Top of DATASET CONTENT

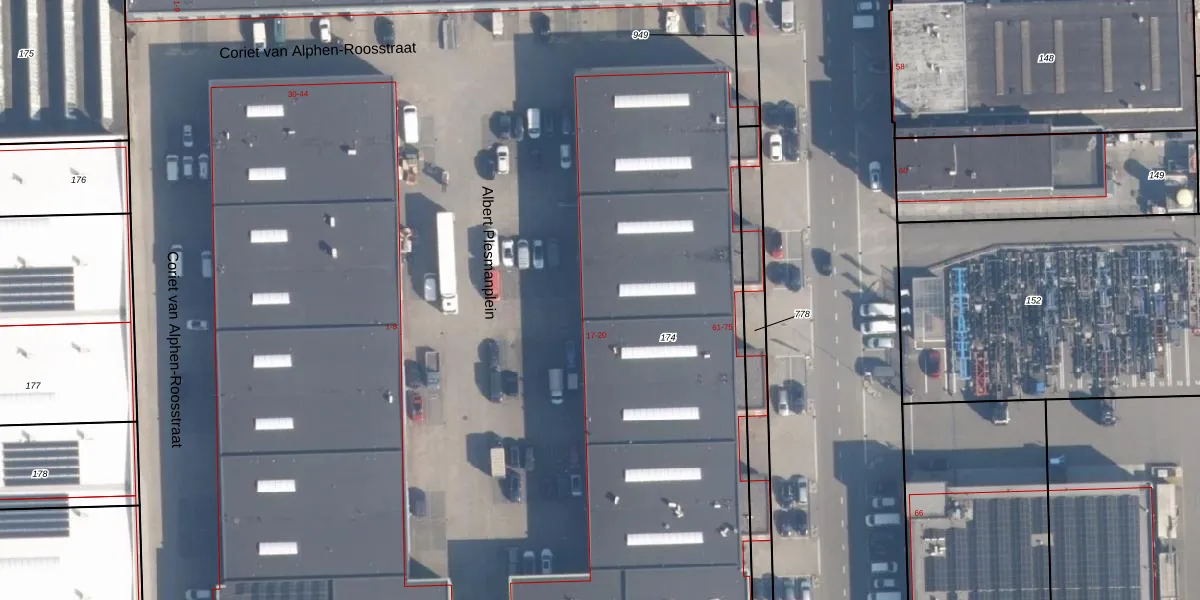 Het adres is gelegen op perceel 174 in de sectie AN en de kadastrale gemeente Rotterdam. De kadastrale aanduiding is aldus RTD12-AN-174. Het perceel is kleiner dan gemiddeld in Rotterdam. Het perceel is 1,4 ha groot, terwijl het gemiddelde ligt op 4,6 ha. De grootste perceeloppervlakte in de kadastrale gemeente is 11,97 km². De kleinste oppervlakte bedraagt 0 m². Er zijn 55 adressen aanwezig op het perceel. In de Basisregistratie Kadaster (BRK) werden de grenzen van het perceel geregistreerd op 30-11-2006.
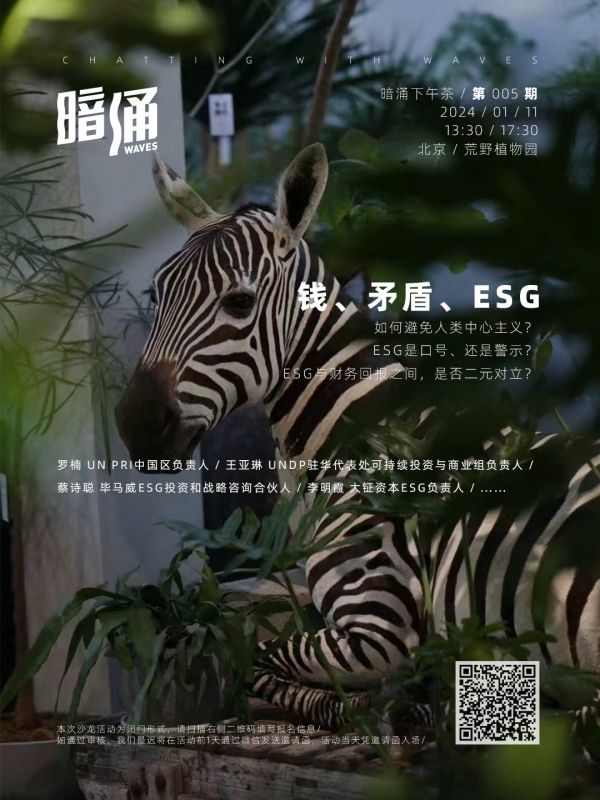 此外,基于此次调研,我们将在2024年1月中旬,举办「暗涌Waves·ESG主题沙龙」,邀请ESG领域官方机构、行业专家以及一级市场相关从业者,与我们一起讨论不止于以下话题(请扫描下面海报中二维码报名):
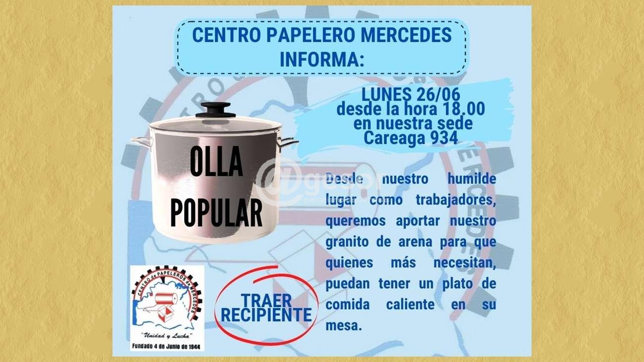 Centro Papeleros Mercedes informa que este lunes 26 de junio retoma su trabajo solidario mediante una olla popular.
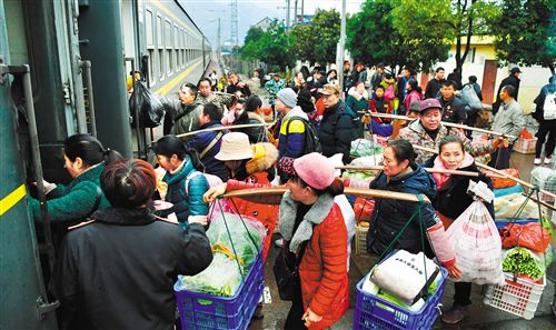 ▲停靠在湖南省麻陽郭公坪站的7272次列車,當(dāng)?shù)毓r(nóng)菜農(nóng)挑著擔(dān)子準備上車。這趟“慢火車”所經(jīng)過的地區(qū)多為“老少邊窮”,經(jīng)濟欠發(fā)達。為盤活沿途百姓致富渠道,鐵路部門開“綠燈”允許乘客攜帶大量鮮活貨物乘車。

Bottom of DATASET CONTENT

● BRIEF:
Reproduce the data above word for word and omit the images.

● PROBLEM SOLUTION:
 Het adres is gelegen op perceel 174 in de sectie AN en de kadastrale gemeente Rotterdam. De kadastrale aanduiding is aldus RTD12-AN-174. Het perceel is kleiner dan gemiddeld in Rotterdam. Het perceel is 1,4 ha groot, terwijl het gemiddelde ligt op 4,6 ha. De grootste perceeloppervlakte in de kadastrale gemeente is 11,97 km². De kleinste oppervlakte bedraagt 0 m². Er zijn 55 adressen aanwezig op het perceel. In de Basisregistratie Kadaster (BRK) werden de grenzen van het perceel geregistreerd op 30-11-2006.
 此外,基于此次调研,我们将在2024年1月中旬,举办「暗涌Waves·ESG主题沙龙」,邀请ESG领域官方机构、行业专家以及一级市场相关从业者,与我们一起讨论不止于以下话题(请扫描下面海报中二维码报名):
 Centro Papeleros Mercedes informa que este lunes 26 de junio retoma su trabajo solidario mediante una olla popular.
 ▲停靠在湖南省麻陽郭公坪站的7272次列車,當(dāng)?shù)毓r(nóng)菜農(nóng)挑著擔(dān)子準備上車。這趟“慢火車”所經(jīng)過的地區(qū)多為“老少邊窮”,經(jīng)濟欠發(fā)達。為盤活沿途百姓致富渠道,鐵路部門開“綠燈”允許乘客攜帶大量鮮活貨物乘車。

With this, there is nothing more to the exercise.